University PhD award goes to Dr. Hellmann

Every year, the University of Münster honors its best doctorate candidates - whose dissertations have been awarded the grade "summa cum laude" - in a ceremony in the auditorium of the "Schloss", where it also awards the University Dissertation Awards fot the best doctoral thesis in each Faculty. This year, the honor in the Faculty of Biology went to Dr. Margareta Hellmann for her work on the role of the cell wall in the immune response to an often lethal fungus. Cryptococcus neoformans is the name of the culprit, and the name already gives it away: the fungus hides from the immune system. But how does it do that?
Dr. Hellmann performed her doctorate in Prof. Dr. Bruno Moerschbacher's group at the Institute for Biology and Biotechnology of Plants. Sounds surprising, given the topic. But Prof. Moerschbacher's team hypothesized more than 20 years ago that plant-damaging fungi - such as mildew and rust fungi, which cause enormous damage in agriculture - cover their cells with a kind of invisibility cloak that protects them from detection by the plant's immune system. To do so, they use enzymes to convert the protective chitin in their cell walls into chitosan as soon as they penetrate into plant tissue. Chitosan is less stable than chitin, but then, once inside the host plant, the fungus is well protected from environmental influences. Plants have long since "learned" that the presence of chitin signals a fungal attack and activate their immune system in response. However, the plant is blind to chitosan - voilá! Since then, the research group in Münster has been investigating the fungal enzymes - known as chitin deacetylases - that are responsible for this conversion of chitin to chitosan. These enzymes are, of course, essential for the success of the fungus and are, therefore, also good starting points for successful plant protection.

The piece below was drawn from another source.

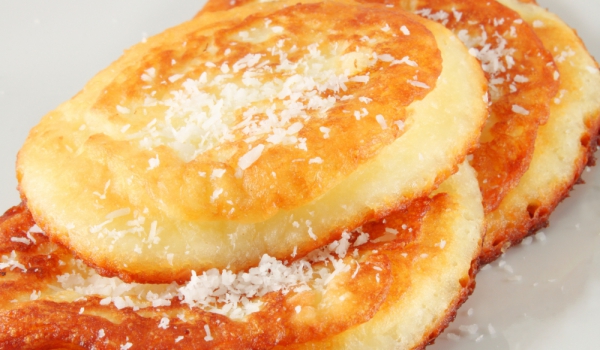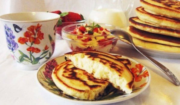 Разбъркайте брашното с газираната вода, захарта, ванилията, бакпулвера и солта. Разбийте с миксер до получаване на рядка каша. Добавете 1 с.л. олио и разбийте още малко. В тиган с незалепващо покрити...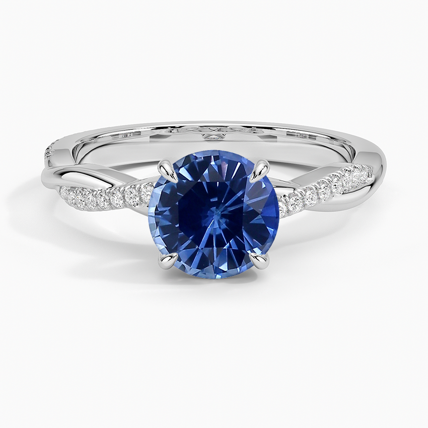 18K White Gold Petite Twisted Vine Diamond Ring (1/8 ct. tw.) with 6.9x6.8mm Blue Round Sapphire

The American research team led by Prof. Dr. Jennifer Lodge - now at Duke University in Durham, North Carolina - took up this hypothesis to explain the high pathogenicity of Cryptococcus and has since been working on developing a strategy for a vaccine against this often fatal fungal infection. A few years ago, the Americans contacted the team in Münster after it had characterized one of the four enzymes of Cryptococcus that could be involved in the conversion of chitin to chitosan and had published the results in the Proceedings of the National Academy of Sciences of the United States of America. Dr. Hellmann used this contact for her doctoral project and began to characterize the other three enzymes of the fungus as well. This proved to be a lengthy process, so Dr. Hellmann developed methods for analyzing the enzyme products, i.e., the fungal chitosans, in parallel. She first tested these methods on conventional crab chitosan and, in doing so, solved - quasi en passant - one of the hotly debated problems in chitin/chitosan research that had been around for decades. The acetic acid groups in chitosan are neither randomly distributed, as most chitosan researchers had assumed, nor arranged in blocks, as a minority kept insisting. In fact, they are surprisingly evenly distributed. And this has consequences for detection by or hiding from the human and plant immune systems. Together with the Americans, Dr. Hellmann is now trying to use these and other findings from her doctoral thesis to improve the vaccination strategy. And together with the Münster team and its start-up CARAPAX biotechnologies, they also aim to optimize the efficiency of chitosan-based plant protection products.
Dr. Hellmann financed her doctoral research with a scholarship from the German Academic Scholarship Foundation, and her current postdoctoral phase in Münster with a DFG research project. She already has an impressive list of 12 publications, some of which in highly reputed journals. A further 15, for which all data is already available, are currently in various stages of preparation or review. This not only testifies to the high significance of her research, but also to her willingness and ability to cooperate with other research teams worldwide - not just her colleagues in the USA. It will be exciting to follow her future career path. We are already looking forward to the surprises that lie ahead.